§ **RAW DATA**:
※ ※ ※

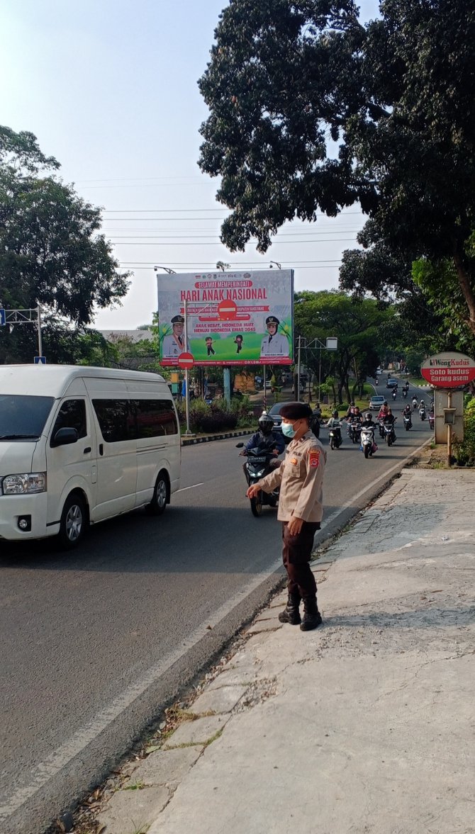 Anggota Sat Pam Obvit Polresta Tangerang melaksanakan kegiatan Pelayanan Masyarakat/Pengaturan Arus Lalu lintas guna kelancaran dan tidak terjadi kecelakaan lalu lintas.
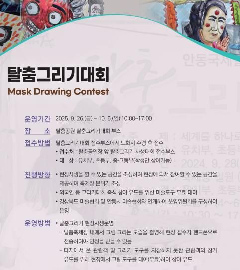 이번 대회는 어린이와 청소년들이 탈춤을 직접 그려보며 축제를 경험하고, 전통문화를 창의적인 시각으로 재해석할 수 있도록 마련된 프로그램이다.
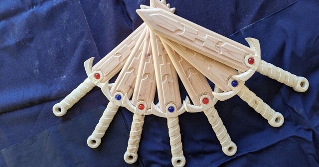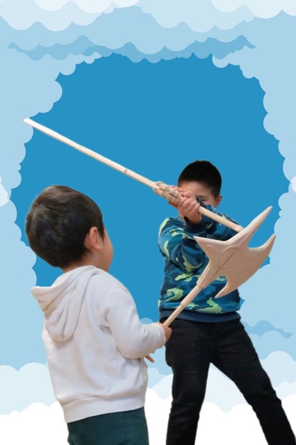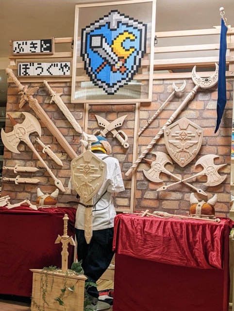 - 武器と防具屋さんです。木の武器と、編み物の防具を取り揃えました。剣や盾を装備して、冒険者気分を味わってみませんか。なりきり遊びや、お部屋のインテリアにも最適です。看板を目印に、ぜひ遊びに来てください。
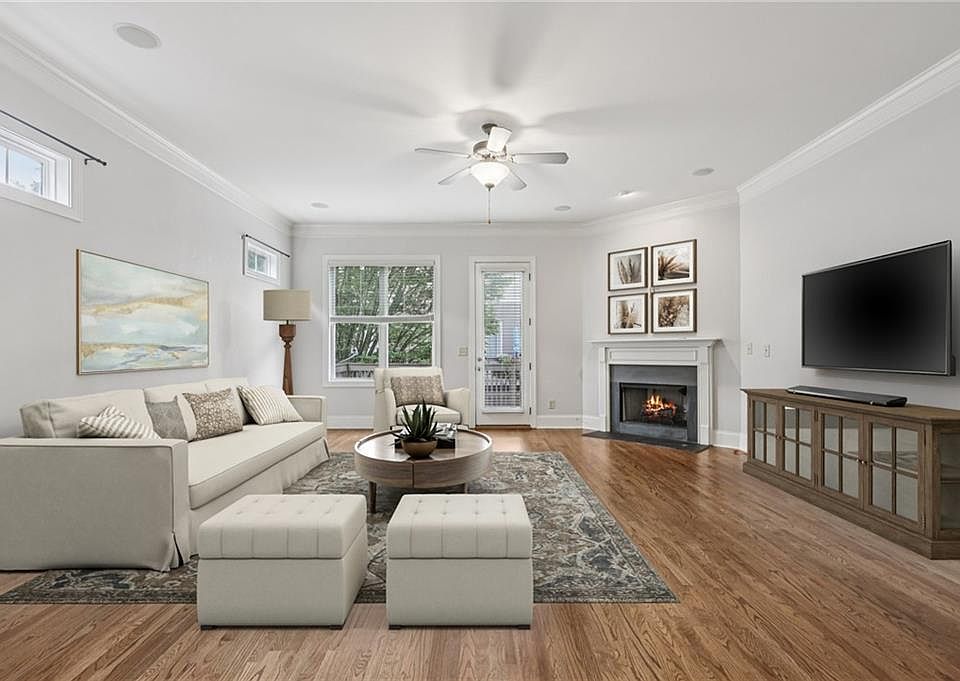 ** 6 MONTHS OF HOA DUES PAID BY SELLER** FREE ONE YEAR RATE BUYDOWN with preferred lender!! **Enjoy easy living in this GATED COMMUNITY just minutes from Downtown Decatur! This cheerful END-UNIT townhome features a bright, open floorplan with plenty of natural light and stylish finishes including a COZY FIREPLACE. The dining nook includes beautiful built-ins that add charm and extra storage, while the upstairs, hallway offers additional built-ins for convenience and display. The spacious primary suite provides a relaxing retreat with a private balcony and spa-like bath. The lower level adds flexible space for a guest room, home office, or extra hangout area. With multiple outdoor spots to unwind, a community pool, and close access to shops, restaurants, and highways—you’ll love the comfort and convenience of this home.
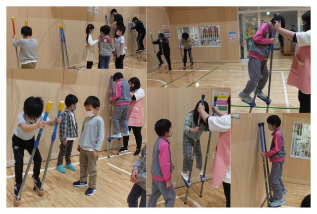 続いての遊びは、一番人気の竹馬。踏板(ステップ)の高さを調整してある4台の竹馬に挑戦。壁を支えにして恐る恐るステップに立ち、バランスをとりながら自力で踏み出そうとしたり、先生に支えてもらったりしながらの大奮闘。短時間で数歩進める子が出現。
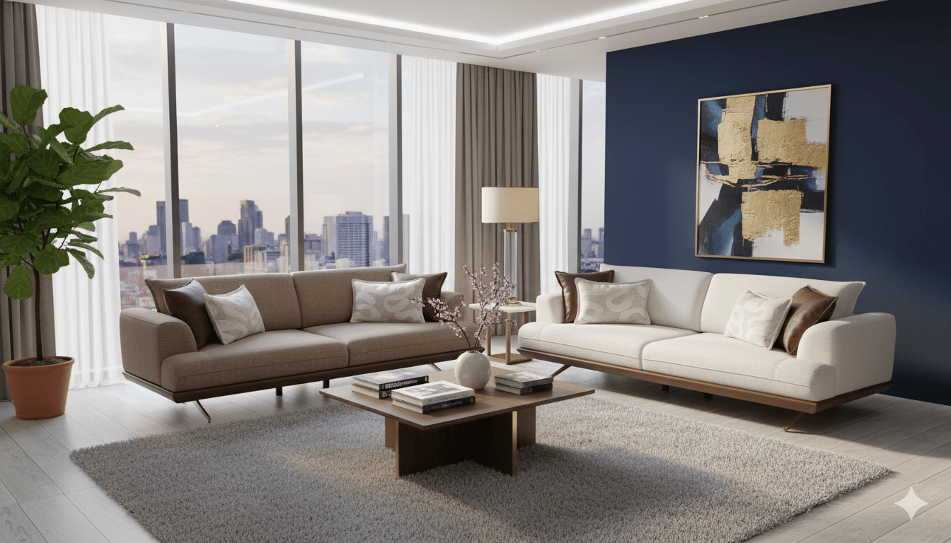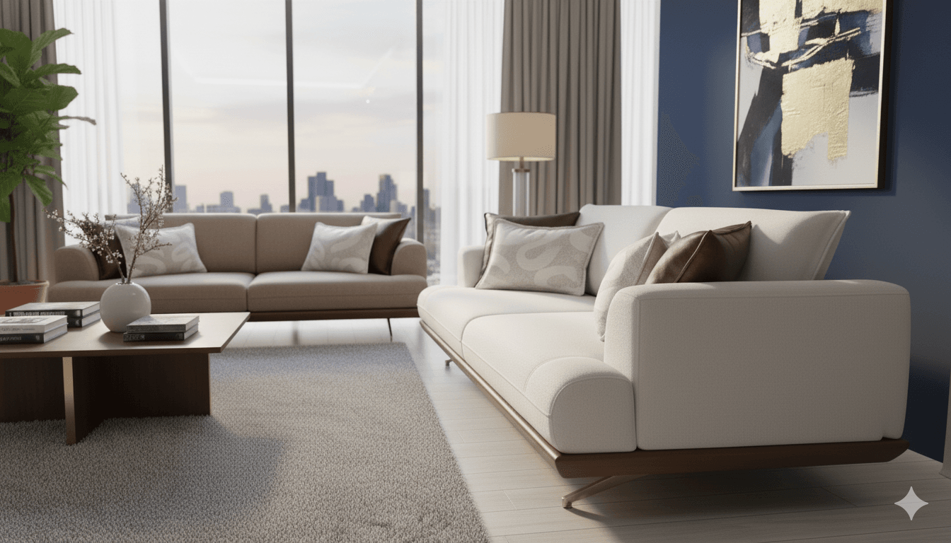 This double sofa set, featuring a stylish and modern design, combines elegant details with comfort. A professional touch that will enhance all your seating areas.
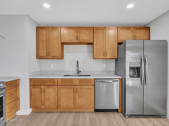 Step into this beautifully remodeled home, where every detail has been thoughtfully curated. The kitchen—features warm Honey Shaker cabinets paired with stunning Calacatta Elysio quartz countertops, creating a perfect balance of charm and sophistication. Brushed nickel fixtures add a sleek finishing touch, complementing the Frigidaire appliances designed for both style and functionality.
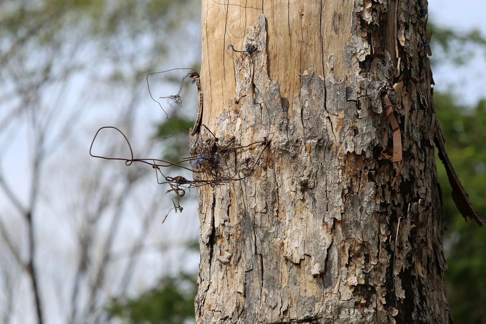Những cây cổ thụ rợp bóng mát lúc trước giờ chỉ còn lại cái xác khô.
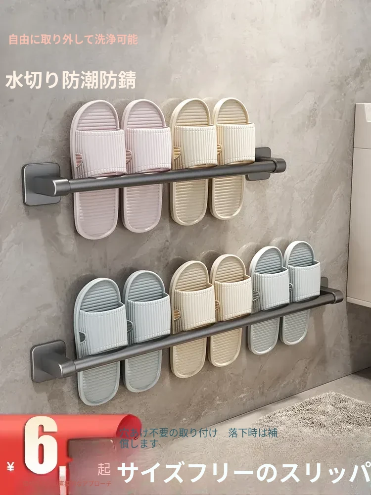 穴あけ不要!バスルームスリッパラック - 清潔感あふれるトイレ用壁掛け収納。水切り機能付きで、スリッパも靴もスッキリ整理!省スペースでおしゃれな収納を実現する便利アイテム。
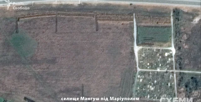 Супутники зафіксували в окупованому російськими військами селищі Мангуш на Донеччині братську могилу. Довжина викопаної ями становить понад 300 метрів, де можуть бути поховані тисячі загиблих. Селище знаходиться за 20 кілометрів від частково захопленого Маріуполя. Відповідні супутникові фото отримали журналісти програми розслідувань "Схеми".

※ ※ ※

§ **WORK TO BE COMPLETED**:
Pictures are to be omitted. The lines from the line holding "Step into this" through the closing line of the data above are to be set down exactly, and nothing more.

§ **EXERCISE OUTPUT**:
 Step into this beautifully remodeled home, where every detail has been thoughtfully curated. The kitchen—features warm Honey Shaker cabinets paired with stunning Calacatta Elysio quartz countertops, creating a perfect balance of charm and sophistication. Brushed nickel fixtures add a sleek finishing touch, complementing the Frigidaire appliances designed for both style and functionality.
Những cây cổ thụ rợp bóng mát lúc trước giờ chỉ còn lại cái xác khô.
 穴あけ不要!バスルームスリッパラック - 清潔感あふれるトイレ用壁掛け収納。水切り機能付きで、スリッパも靴もスッキリ整理!省スペースでおしゃれな収納を実現する便利アイテム。
 Супутники зафіксували в окупованому російськими військами селищі Мангуш на Донеччині братську могилу. Довжина викопаної ями становить понад 300 метрів, де можуть бути поховані тисячі загиблих. Селище знаходиться за 20 кілометрів від частково захопленого Маріуполя. Відповідні супутникові фото отримали журналісти програми розслідувань "Схеми".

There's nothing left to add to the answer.